Private online diary-hosting website

Penzu is a private online diary-hosting website. Users can create written entries similar to a standard personal journal and can also upload photos from their devices. Penzu uses a freemium business model with special paid features including unique fonts, AES encryption, rich text formatting, and others. As of 2014, the website had over 1 million users in 170 countries worldwide.

==History==

Penzu was founded in 2008 in Toronto by Alexander Mimran (CEO), Simon Wilkinson (CTO), and Michael Lawlor (former CTO). Mimran took out a second mortgage on his house in order to initially fund Penzu. Capital has come only in the form of self-funding and customer revenue through PayPal. Three thousand users signed up during the company's first week of operation. The early version of the website mimicked standard notebooks with no custom fonts, colors, themes, or other distinguishing features. In 2009, Penzu launched a paid "Pro" option that cost $19 per year. Features that came with the Pro version included AES encryption, tagged posts, rich text editing, offsite backups, new themes, and other customization options. Opening a journal, making private posts, and several other customization features remained free.

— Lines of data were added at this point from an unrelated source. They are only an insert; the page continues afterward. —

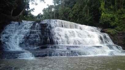 Заехали к водопаду БоХо. Отдали по 47.000 с носа, прошли километр вверх по дороге, по камням вдоль русла. Мне каждый шаг сделать -боль. А тут карабкаться надо еще.
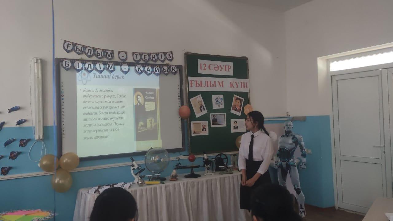 12 сәуір ғылым күніне арналған мектепте "Ғылым- теңіз, білім - қайық" тақырыбында апталықтың ашылуы өтті. Ашылу барысында түрлі іс- тәжірибе мен викториналық сұрақтар болды. Оқушылар белсене қатысты
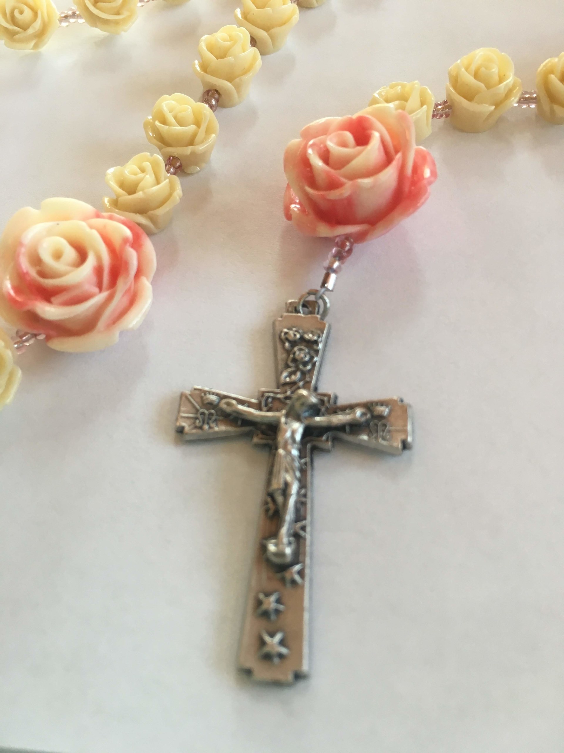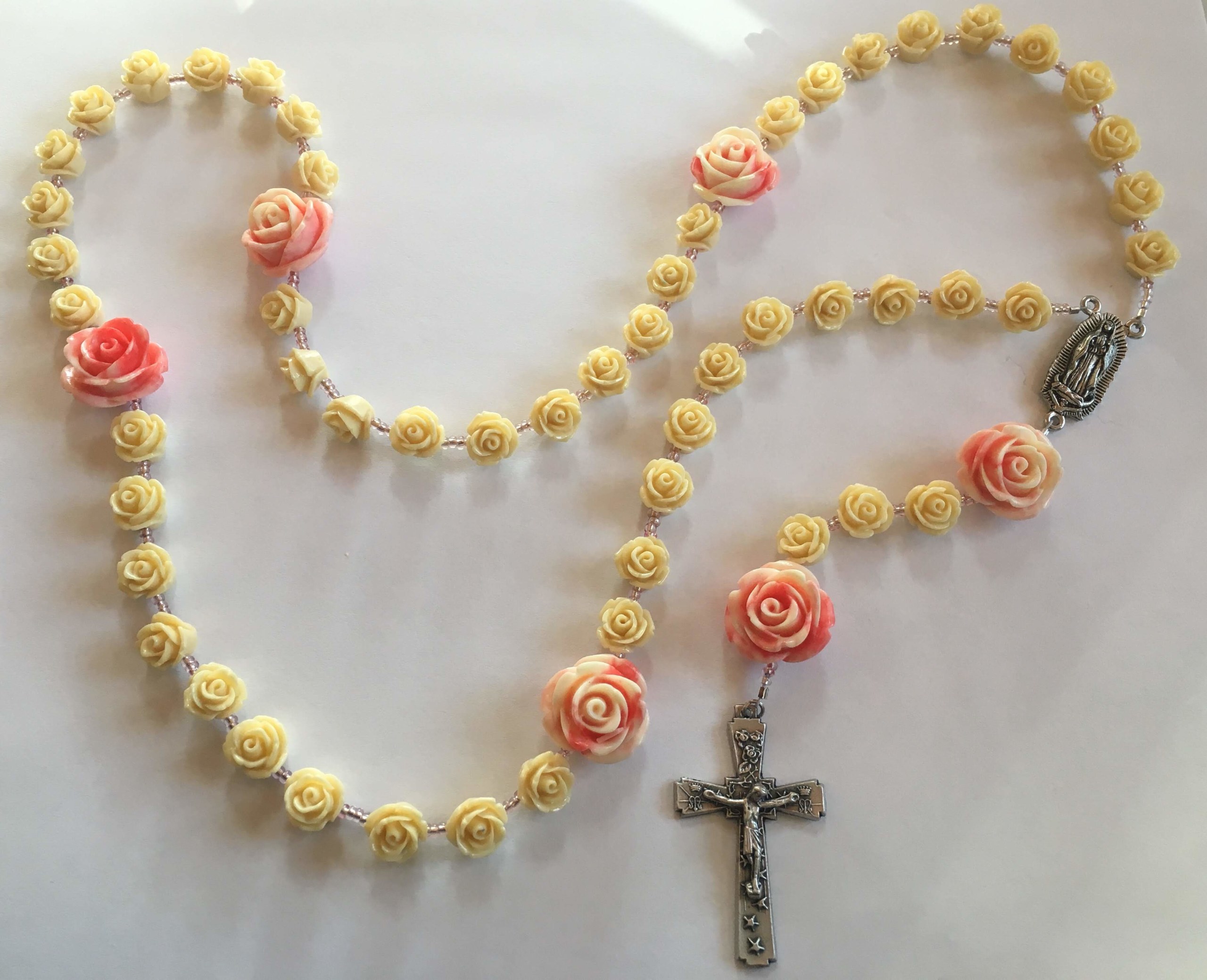 This rosary is made of acrylic cream roses and larger coral and cream roses. The centerpiece shows Our Lady’s image and reads “Our Lady of Guadalupe” on the back. It is completed with a highly detailed Marian crucifix–featuring roses, stars, crowns, and the Marian “M” symbol.

In 2011, the company announced that it was serving over 250,000 users. It also released Penzu apps for Android and iOS devices. Both apps could only be used in conjunction with a Penzu Pro subscription.

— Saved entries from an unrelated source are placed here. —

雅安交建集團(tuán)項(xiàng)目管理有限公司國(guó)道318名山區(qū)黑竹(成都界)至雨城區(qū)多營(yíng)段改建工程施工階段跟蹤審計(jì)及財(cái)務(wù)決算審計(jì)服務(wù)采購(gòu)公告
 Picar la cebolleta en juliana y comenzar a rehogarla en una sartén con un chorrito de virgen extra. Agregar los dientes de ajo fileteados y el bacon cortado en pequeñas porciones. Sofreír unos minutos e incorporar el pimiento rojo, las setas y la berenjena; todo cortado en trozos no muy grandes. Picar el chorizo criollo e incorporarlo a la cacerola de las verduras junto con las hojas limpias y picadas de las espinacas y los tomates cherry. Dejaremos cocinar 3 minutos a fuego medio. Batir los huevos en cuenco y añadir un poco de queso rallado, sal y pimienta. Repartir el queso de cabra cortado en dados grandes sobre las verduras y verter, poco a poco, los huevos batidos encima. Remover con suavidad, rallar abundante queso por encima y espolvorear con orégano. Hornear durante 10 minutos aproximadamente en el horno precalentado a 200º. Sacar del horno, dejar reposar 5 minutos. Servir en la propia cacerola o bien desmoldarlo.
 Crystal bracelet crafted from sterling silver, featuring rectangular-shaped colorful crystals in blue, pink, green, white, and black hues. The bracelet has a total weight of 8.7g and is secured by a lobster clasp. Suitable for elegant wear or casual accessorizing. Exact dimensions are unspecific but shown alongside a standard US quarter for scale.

In 2014, Penzu underwent a full relaunch, which included a redesigned website, free syncing between mobile and web apps, and other new features. At the time, the company had around 1.1 million users in 170 countries across the world.

==Service==

Penzu offers an online cloud-based diary platform that is designed to be private by default. It is free to sign up for Penzu and to create entries, upload images, and share posts selectively. The Penzu Pro plan offers several other features. These features include unique customization options like fonts, colors, themes, and others; 256-bit AES encryption; tagging; importing and exporting (as, for example, a PDF); rich text formatting; the ability to post by email; reminders; and numerous others. The site's encryption feature works for entire journals. If the password is lost for a particular journal, then that entry cannot be retrieved under any circumstance. Other Pro features include Looking Glass, which sends excerpts of older posts to the journal owner via email, and Legacy, which allows users to choose specific individuals to access the journal after the journal owner's death.